Negative? Which implies compression.

What's negative?
Unless you identify what you are talking about and what sign convention you are using, "positive" and "negative" are just meaningless noises.

 

[Wimpalot]

What's negative?
Unless you identify what you are talking about and what sign convention you are using, "positive" and "negative" are just meaningless noises.

Sorry the torque due to T is negative.
I broke the space key on my keyboard so I am being a bit lazy with words.

 

[jbriggs444]

Sorry the torque due to T is negative.
I broke the space key on my keyboard so I am being a bit lazy with words.

So you add a negative to a negative and get zero?

[Back in #18, you said that the torque due to F_P was negative. Now you say that the torque due to T is also negative]

 

[Wimpalot]

So you add a negative to a negative and get zero?

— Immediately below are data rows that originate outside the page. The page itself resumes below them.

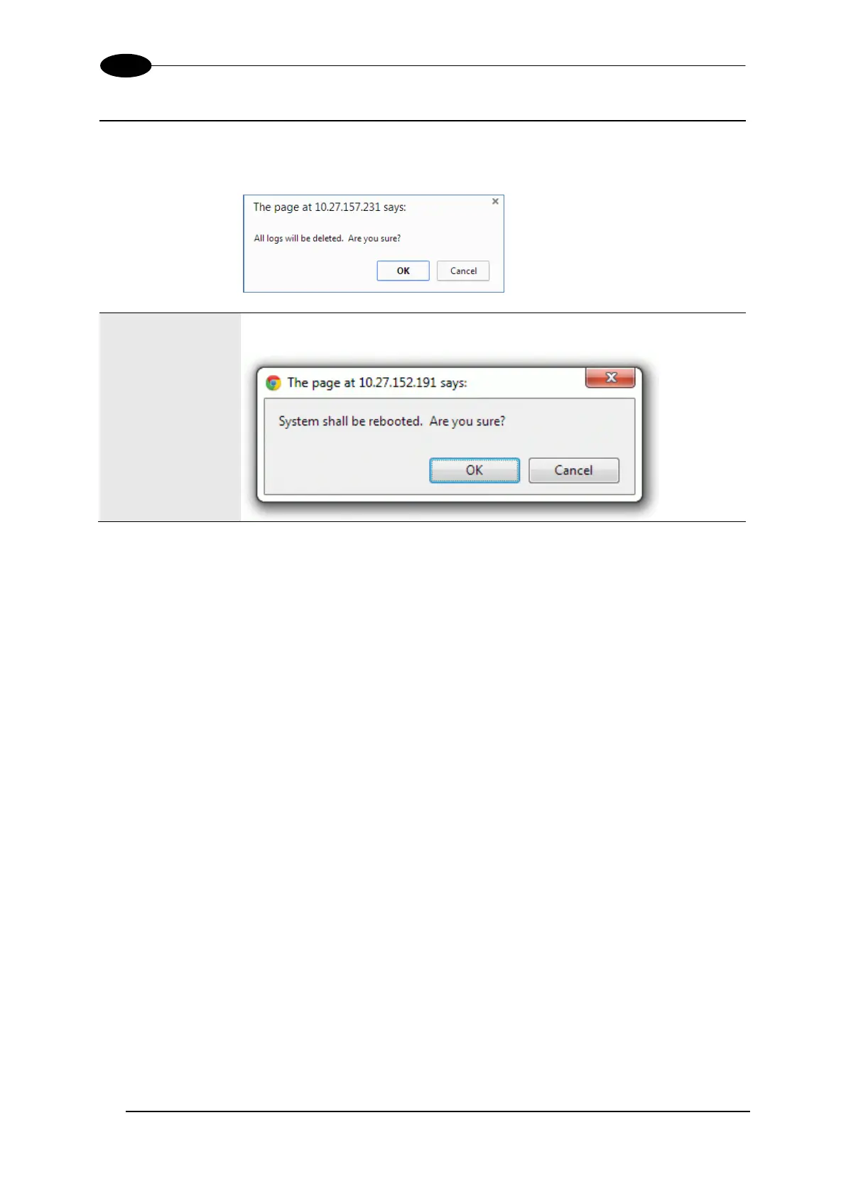 appears. Click OK to clear the logs, or click Cancel to return to the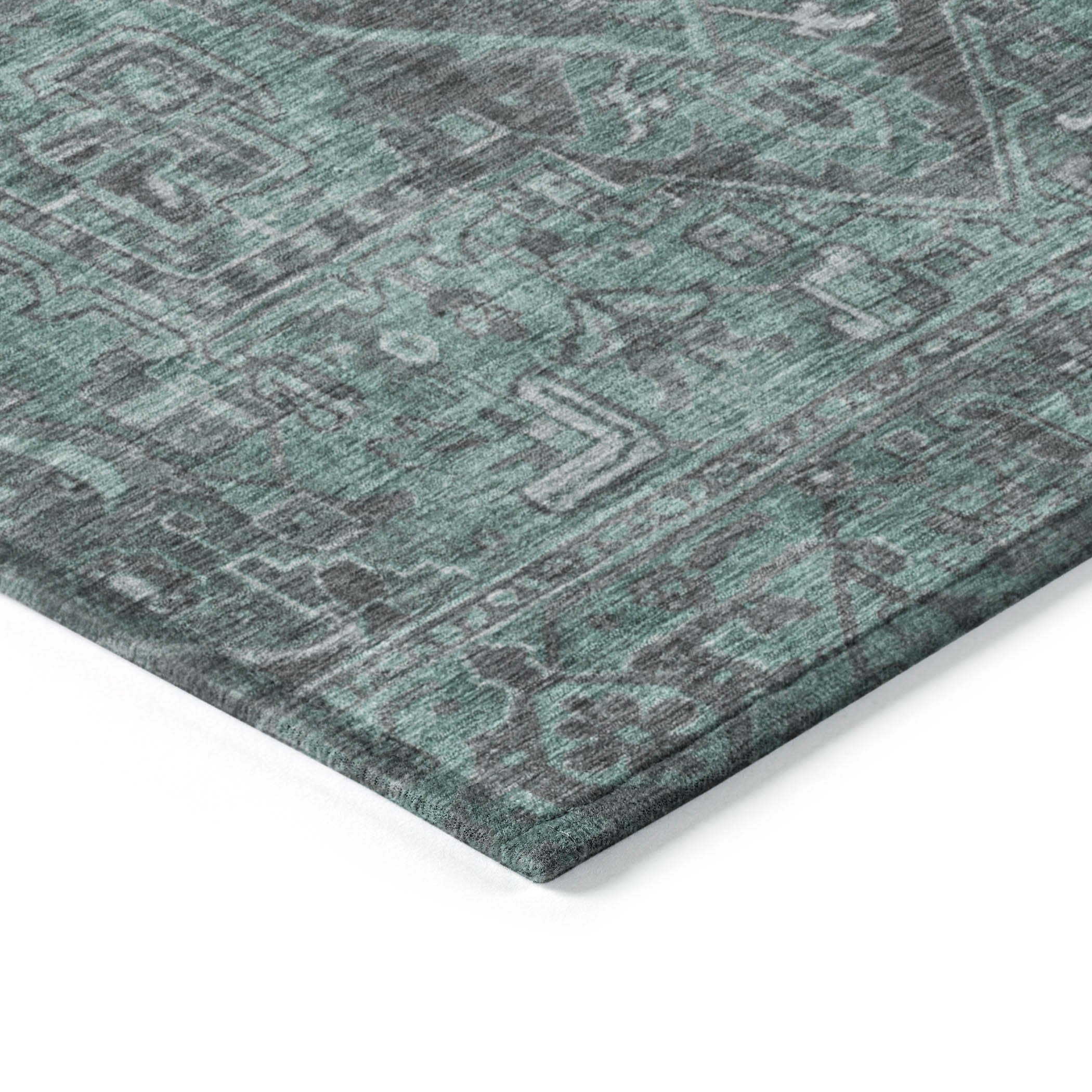 8' Round Turquoise Round Oriental Washable Non Skid Indoor Outdoor Area Rug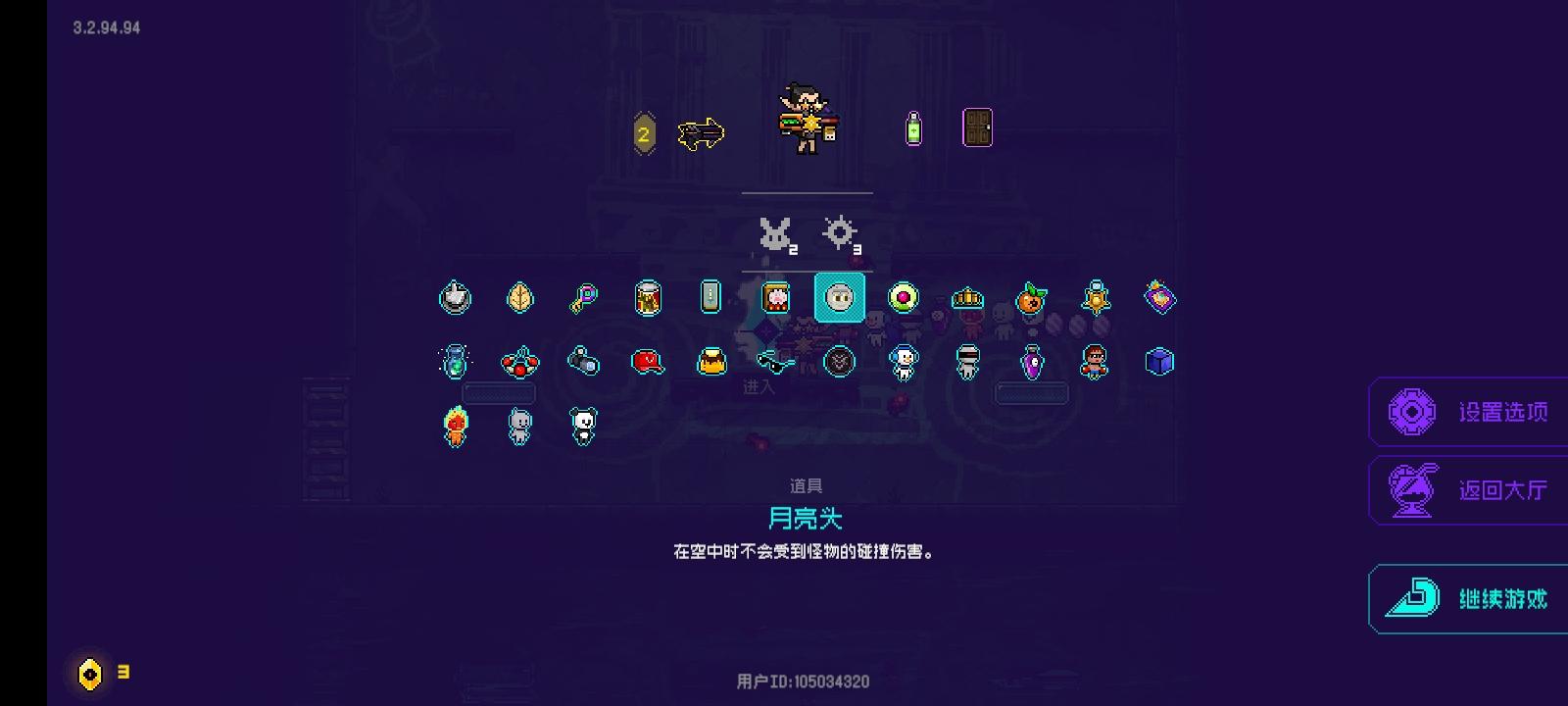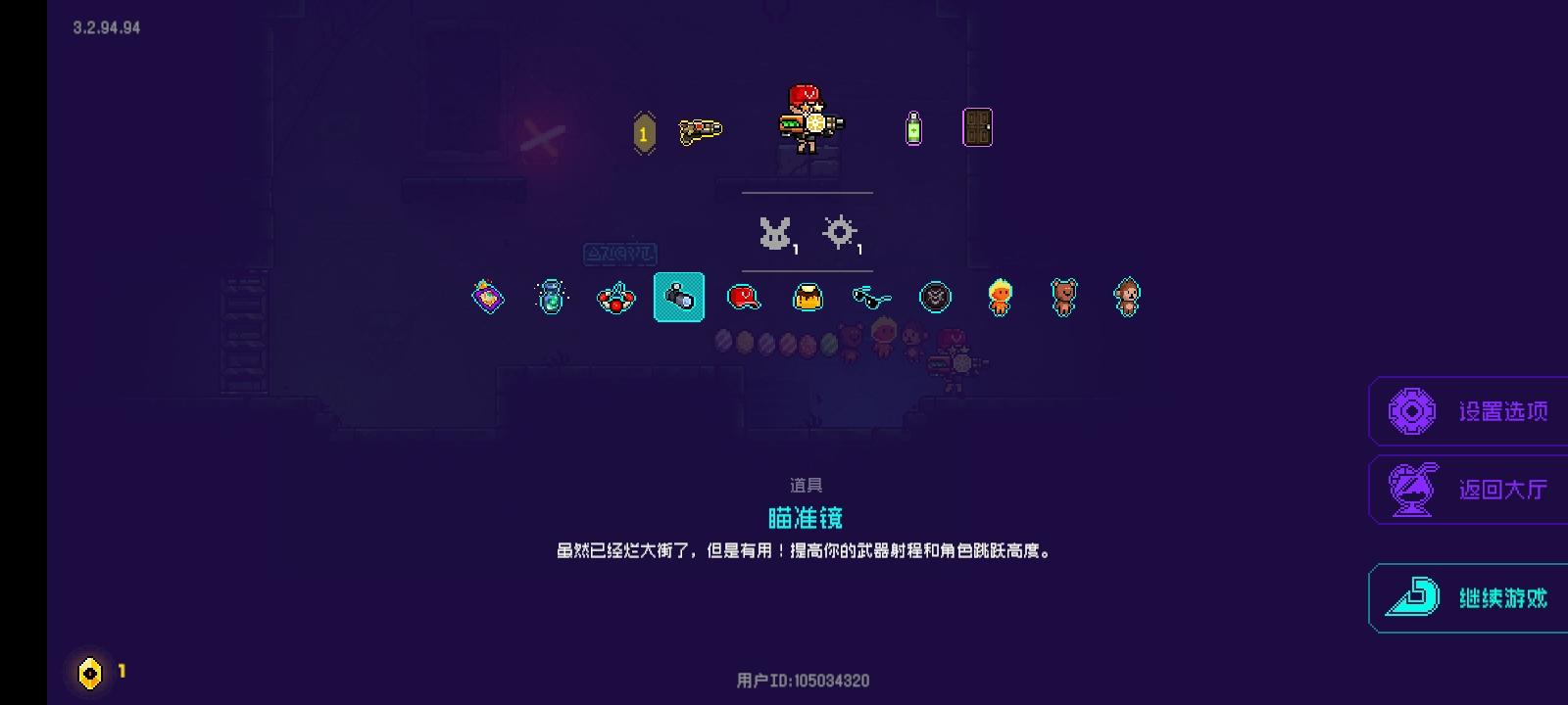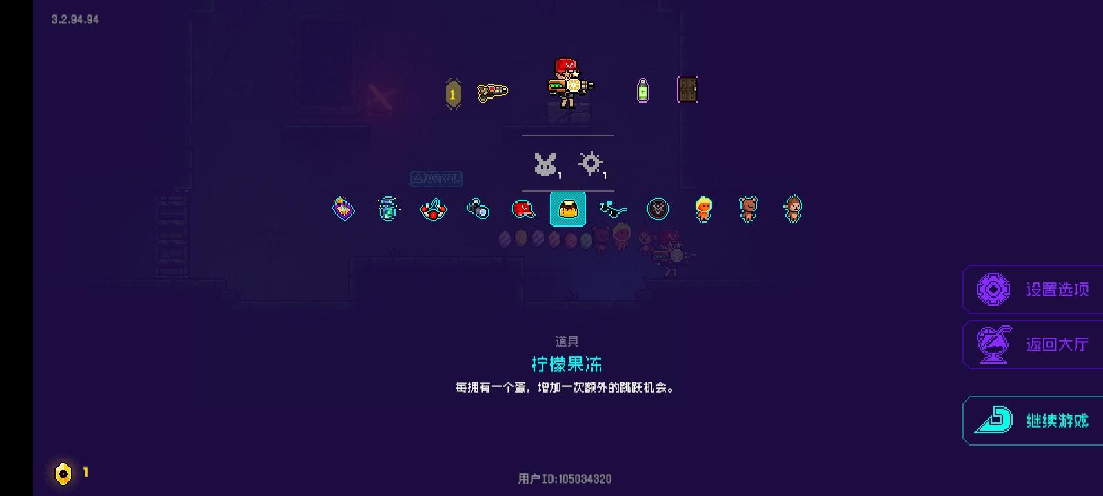 可以看到,这就是bug卡成功的状态。众所周知,从六关往后关卡完全重复,实在无聊了,打到十就停了……反正都是秒。想卡这个bug必须有6个条件,第一个是能量转换器,第二个是彩票,第三个是双13,第四个是口红,第五个是招财猫,第六个是方舟反应。下面先说一下原理:凑齐上面6个条件之后就可以完全无敌了(不要爆米花,磨刀石没啥用)。商店里护盾和红心会半价,购买后拾取的护盾会直接变成更多的金币,简称免费增

[Back in #18, you said that the torque due to F_P was negative. Now you say that the torque due to T is also negative]

Sorry I got mixed up the torque due to the tension should be positive.

 

[jbriggs444]

Sorry I got mixed up the torque due to the tension should be positive.

Ok. And since your convention is that positive is counter-clockwise, we are talking about compression. If T is the "tension" in that beam then T must be negative.

So, can you now solve for T?

 

[Wimpalot]

Ok. And since your convention is that positive is counter-clockwise, we are talking about compression. If T is the "tension" in that beam than T must be negative.

So, can you now solve for T?

Yeah just T = -FP*L/(L*sin(60)) which is correct according the site.

Thank you very much for all the help I really feel like I understand this now and can apply it all in the future so thank you very much.